Renamed from the far more catchy Eaters of the Dead, this wasn’t a much troubled production at all, dear me, no. The year-long delay was merely to avoid competing with the other Banderas sword-fight pic, Mask of Zorro. Honest! Hmmm… Whatever the truth, this looks like a typical Michael Crichton adaptation, with the depth removed and only the exciting bits retained. Banderas is a Muslim who ends up press-ganged alongside a dozen Vikings, fighting a horde of… things… which are terrorising a village.

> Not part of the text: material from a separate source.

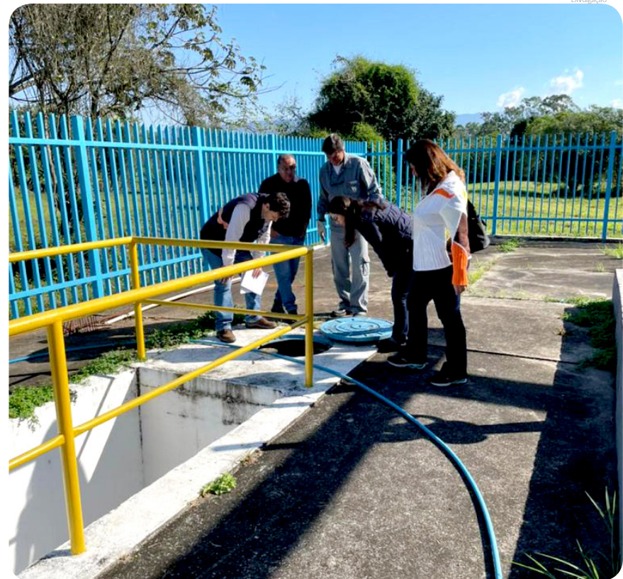
Trabalho conjunto entre a agência, a Sabesp e a Prefeitura viabiliza melhorias na qualidade dos serviços oferecidos à população

do falta de água, ligações de água e esgoto, ou qualidade de água, devem ser feitas pelos telefones 0800 055 0195 ou 195, canais diretos de comunicação da Sabesp.

Lots of crunchy swordfights and inter-tribal bickering, and it’s all terribly macho, women are kept firmly in their place — round the camp fire.

Save for the hero though, no-one else has any character to speak of; the other twelve warriors all look like Norwegian death metal fans on their way to a church burning. When you discover what the “things” are, it’s somewhat disappointing, and you can’t help thinking, “Is that it?”. There are flashes of brilliance here, such as at the end, where the warriors read their own funeral rites. Unfortunately, these only serve to illuminate the darkness and show what might have been, and leave me surprisingly keen to read the book but not bother again with the film.